Monday, May 27, 2013

Transfac Announced Accounts Receivable Financing Method ? Things to Consider

Transfac Announced Accounts Receivable Financing Method – Things to Consider











factoring financing


Salt Lake City, UT (PRWEB) November 28, 2012

Running an organization successfully is almost impossible if sufficient funds are not available. An organization depends upon its clients and customers to make timely payments for funds. However, there are some times when payments are delayed and the organization is left with only invoices. In such instance, business factoring service company comes in play. It agrees to lend some amount to the organization in exchange for the invoices. Collecting the pending amount from the client is then this factoring services company's work.

This method of loaning money through factoring invoices is gaining popularity amongst several industries such as trucking firms, manufacturers and staffing agencies. There are several pros and cons to this method that one must fully understand before going ahead with this method.

Pros

When an organization needs some quick liquid cash, selling factoring invoices for the loan amount is the best option available. There is no time delay when loan is obtained this way. However, if a bank loan is considered, the processing time in itself may consume a month or two.

The factoring services company does not demand that the organization have a good credit history. Instead, it relies on the clients' and customers' credit rating while loaning the amount.

The factoring companies does the follow up with the clients with respect to the pending payments. The organization can thus channel its resources for more productive tasks.

There is no need to pledge any property to get a loan. Thus, the organization does not take any form or debt in this case.

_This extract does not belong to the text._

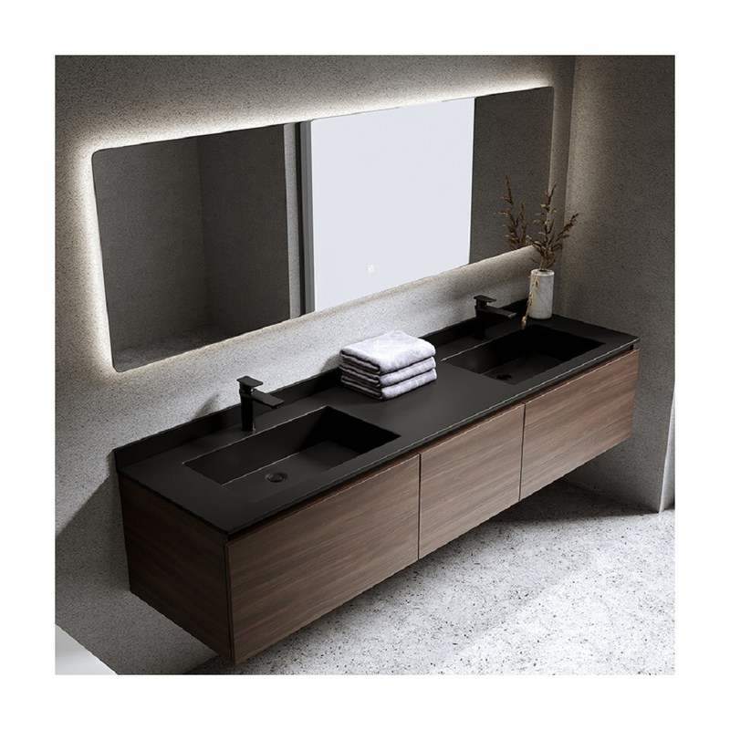 Houten dubbele gootsteen badkamer vanity met aangepaste breedte en rechthoek 7

This method can be used by start up companies as well. Bad debt can be eliminated and avoided.

Cons

The methods adopted by the factoring services company may offend the clients and customers. They may in turn stop doing business with the organization.

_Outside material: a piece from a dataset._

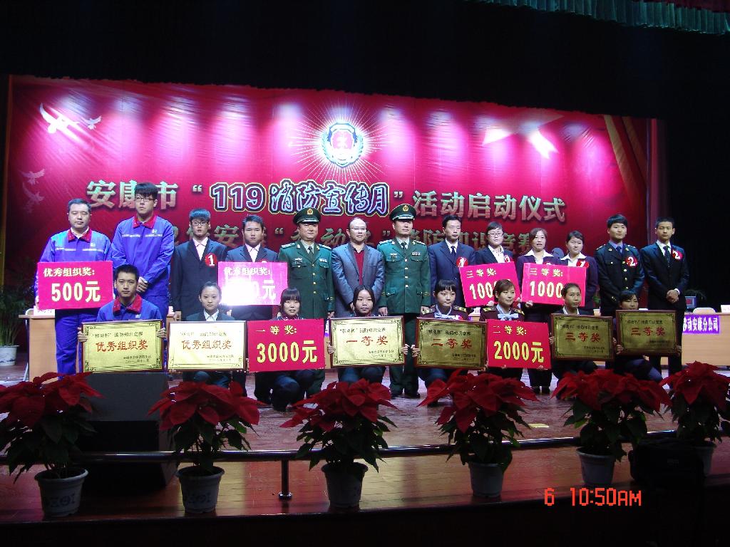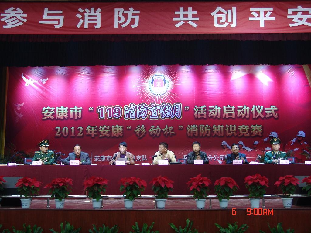 11月6日上午,由我校和安康市公安消防支队、安康移动公司联合举办的“2012年‘119消防宣传月’启动仪式暨消防安全知识竞赛”活动在江南校区举行。安康市副市长王安利、学校党委书记杨涛、副校长杨行玉、安康市公安消防支队支队长苗文岐等领导出席了启动仪式,副市长王安利在消防宣传月活动启动仪式上中作了重要讲话。启动仪式后,举行了“移动杯”消防安全知识竞赛。杨行玉副校长等领导为获奖代表队颁奖。

There is usually some amount charged when a company takes loan by factoring invoices. This amount may, depending upon the factoring agency go quite high.

This method of raising funds does not have any strict legal and regulatory standards. There is a possibility of getting cheated or incurring huge losses for both the involved property. A lot of groundwork must be done to avoid any kind of monetary loss.

Financial statements, charge sheet and invoices must be kept in order for the process to get done.

Conclusion

It is imperative that enough research be done to get all the facts right before getting down to transaction. All the terms/conditions and rules must be outlined and finalized without holding back anything. If done in the correct manner, factoring services can free up large sums of working capital and prove to be advantageous. Money raised is instantaneous and immediate thus eliminating any sort of hold up.